What is being asked ▸ Repeat the following data exactly, omitting pictures.

Collected data ▸
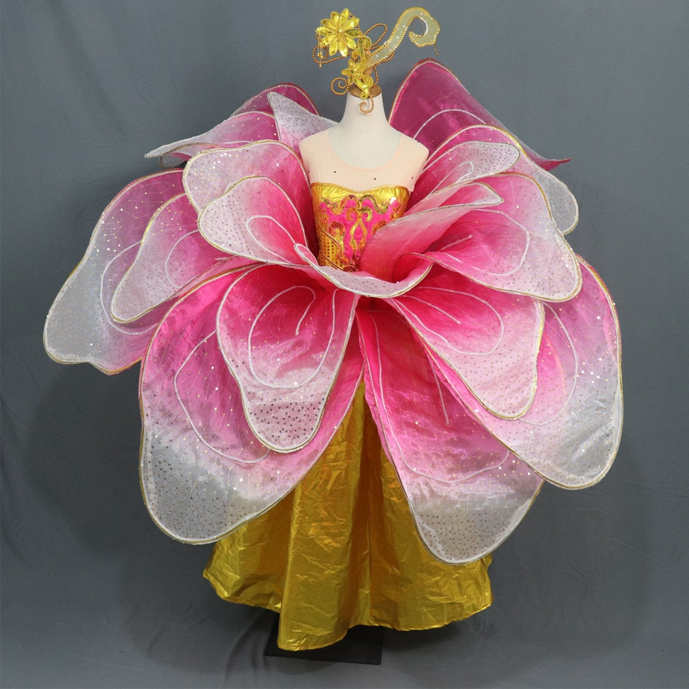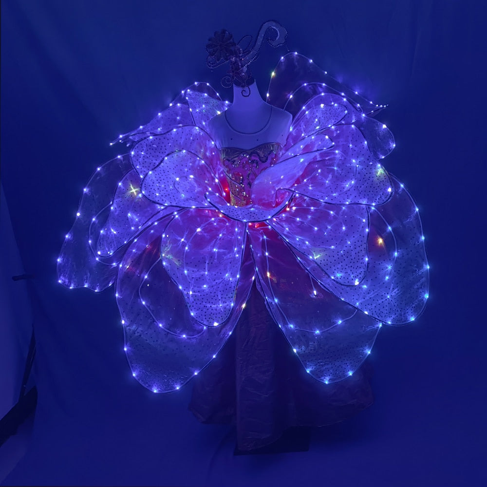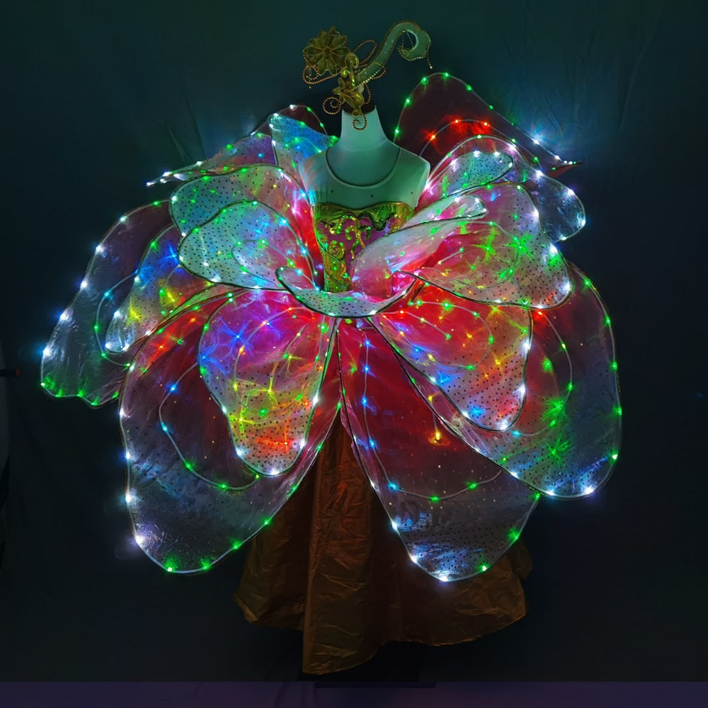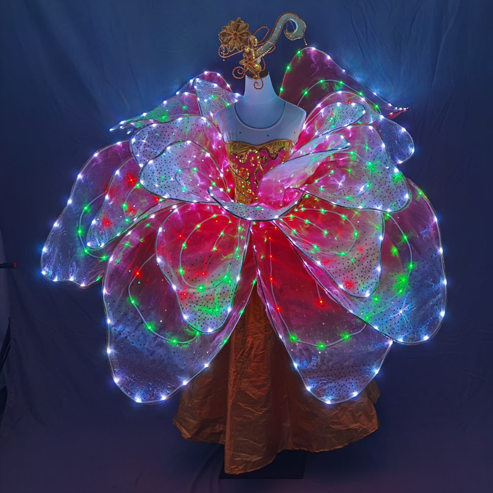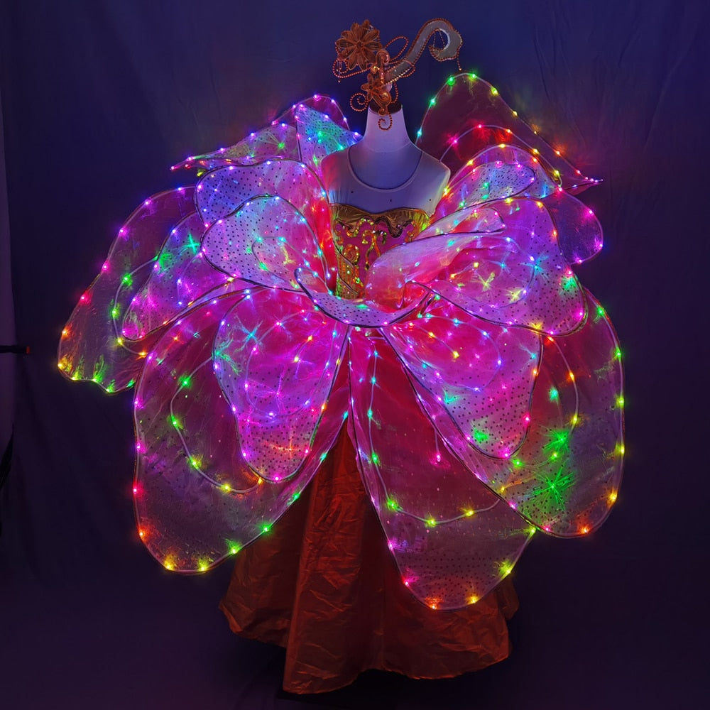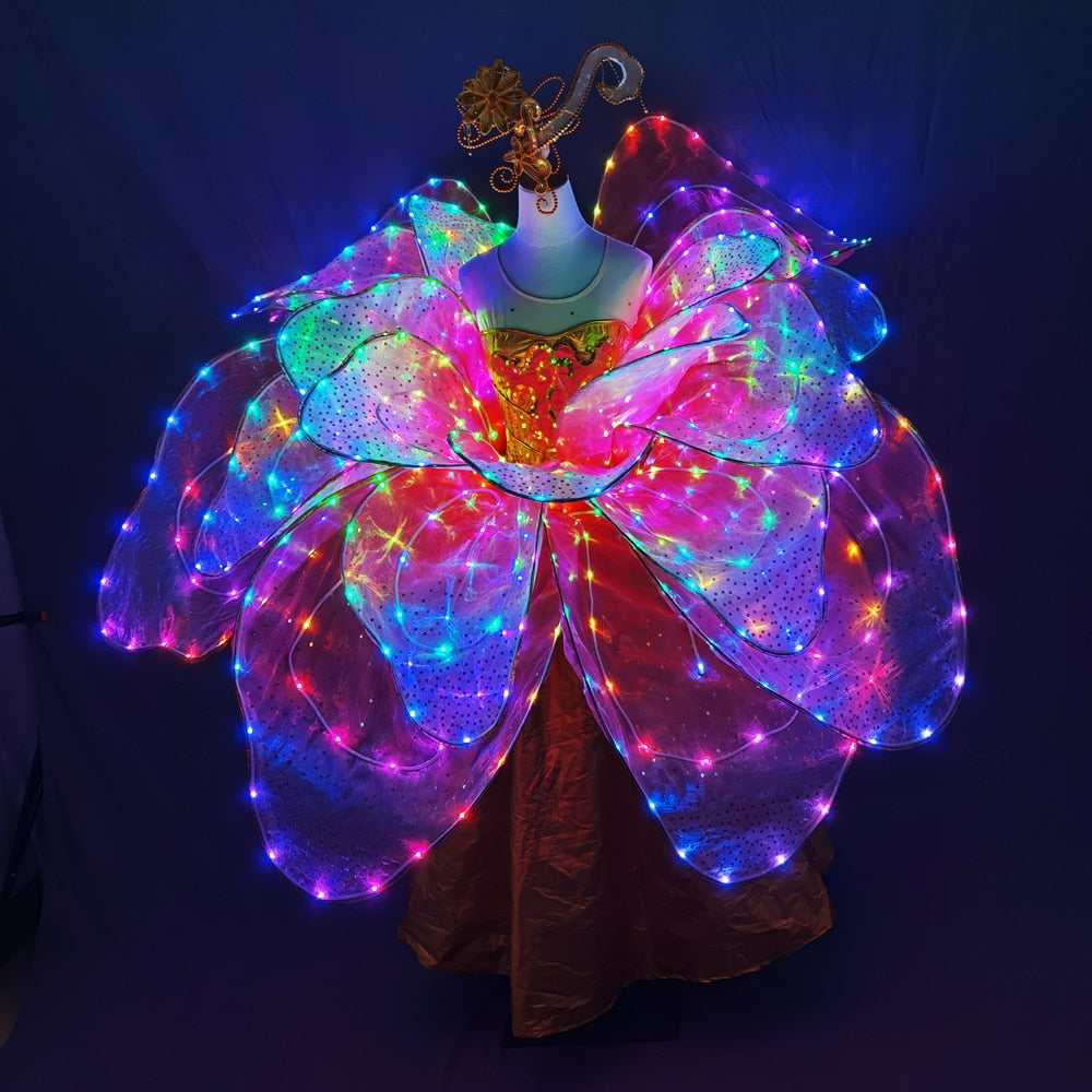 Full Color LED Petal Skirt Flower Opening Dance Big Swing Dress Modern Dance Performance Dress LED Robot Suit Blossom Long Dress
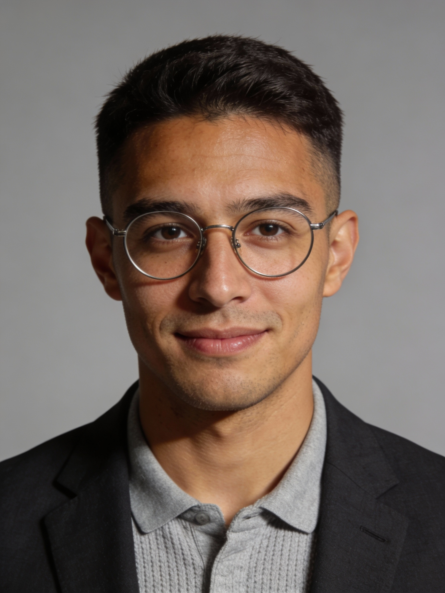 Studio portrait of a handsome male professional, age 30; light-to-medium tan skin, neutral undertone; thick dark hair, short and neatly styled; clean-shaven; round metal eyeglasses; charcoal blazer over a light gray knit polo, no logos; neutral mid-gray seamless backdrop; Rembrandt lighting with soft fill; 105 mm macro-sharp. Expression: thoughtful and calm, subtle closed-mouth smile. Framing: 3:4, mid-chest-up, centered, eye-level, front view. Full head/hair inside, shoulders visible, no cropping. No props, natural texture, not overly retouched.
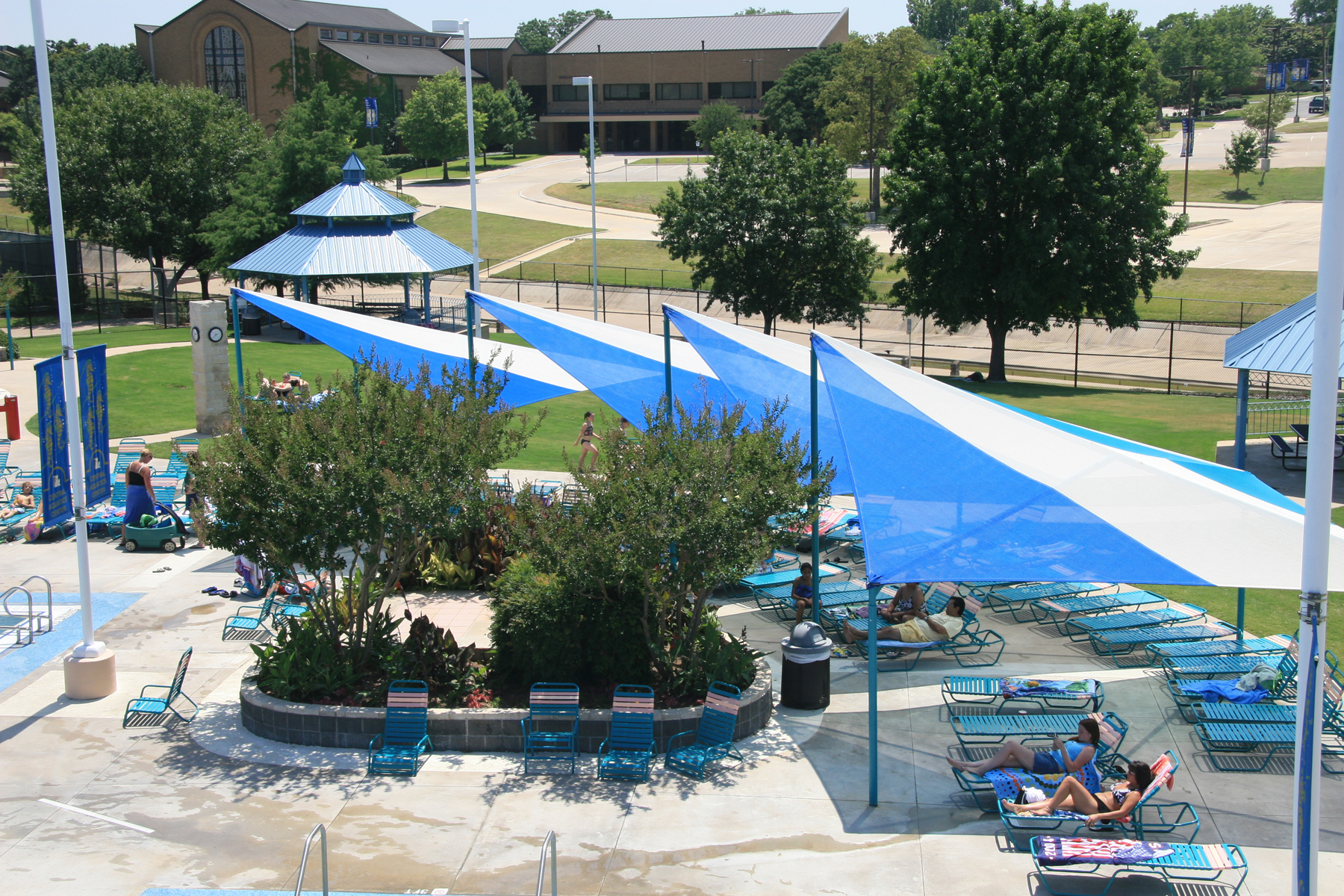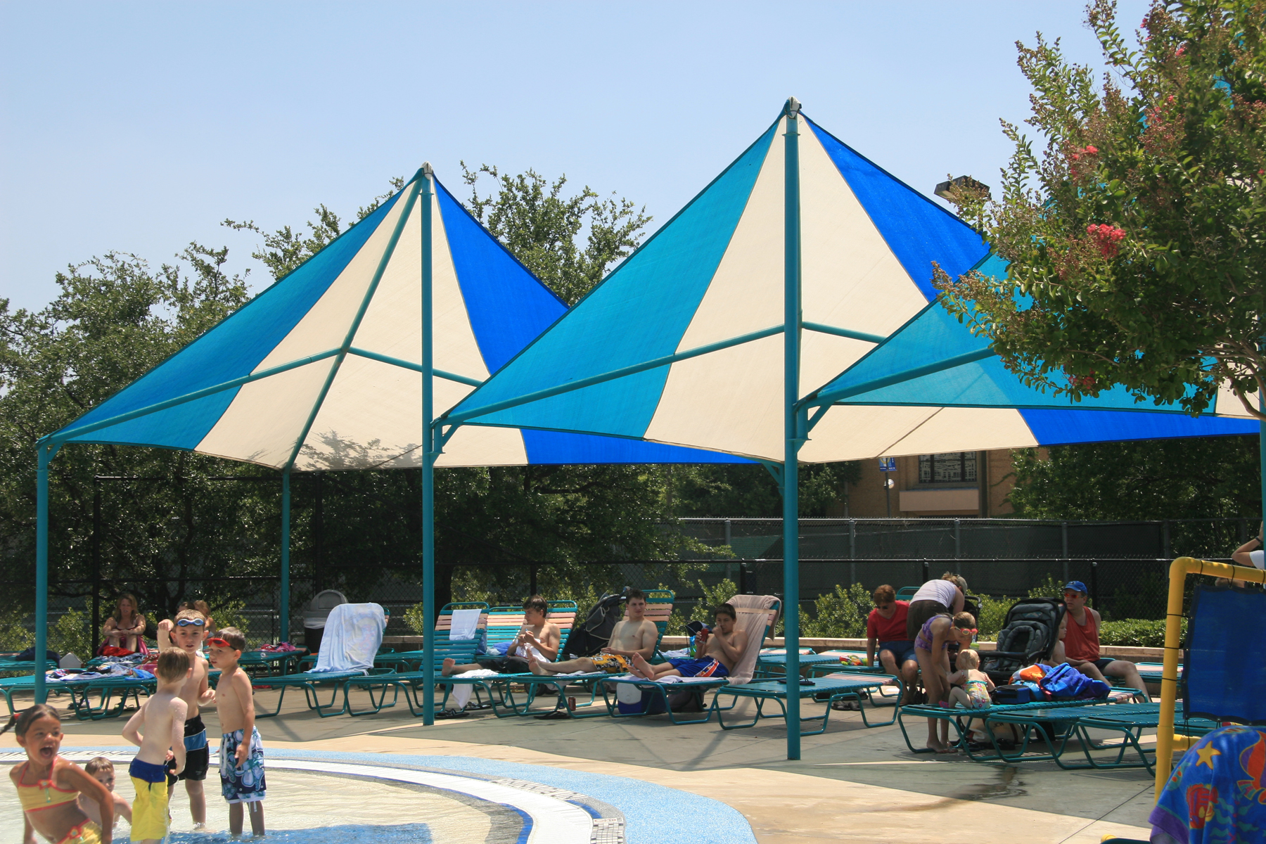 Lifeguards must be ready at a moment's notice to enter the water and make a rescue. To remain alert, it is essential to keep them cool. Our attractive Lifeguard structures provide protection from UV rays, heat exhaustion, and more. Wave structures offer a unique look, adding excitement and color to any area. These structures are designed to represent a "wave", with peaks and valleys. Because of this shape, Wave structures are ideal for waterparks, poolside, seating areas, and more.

Answer section ▸
 Full Color LED Petal Skirt Flower Opening Dance Big Swing Dress Modern Dance Performance Dress LED Robot Suit Blossom Long Dress
 Studio portrait of a handsome male professional, age 30; light-to-medium tan skin, neutral undertone; thick dark hair, short and neatly styled; clean-shaven; round metal eyeglasses; charcoal blazer over a light gray knit polo, no logos; neutral mid-gray seamless backdrop; Rembrandt lighting with soft fill; 105 mm macro-sharp. Expression: thoughtful and calm, subtle closed-mouth smile. Framing: 3:4, mid-chest-up, centered, eye-level, front view. Full head/hair inside, shoulders visible, no cropping. No props, natural texture, not overly retouched.
 Lifeguards must be ready at a moment's notice to enter the water and make a rescue. To remain alert, it is essential to keep them cool. Our attractive Lifeguard structures provide protection from UV rays, heat exhaustion, and more. Wave structures offer a unique look, adding excitement and color to any area. These structures are designed to represent a "wave", with peaks and valleys. Because of this shape, Wave structures are ideal for waterparks, poolside, seating areas, and more.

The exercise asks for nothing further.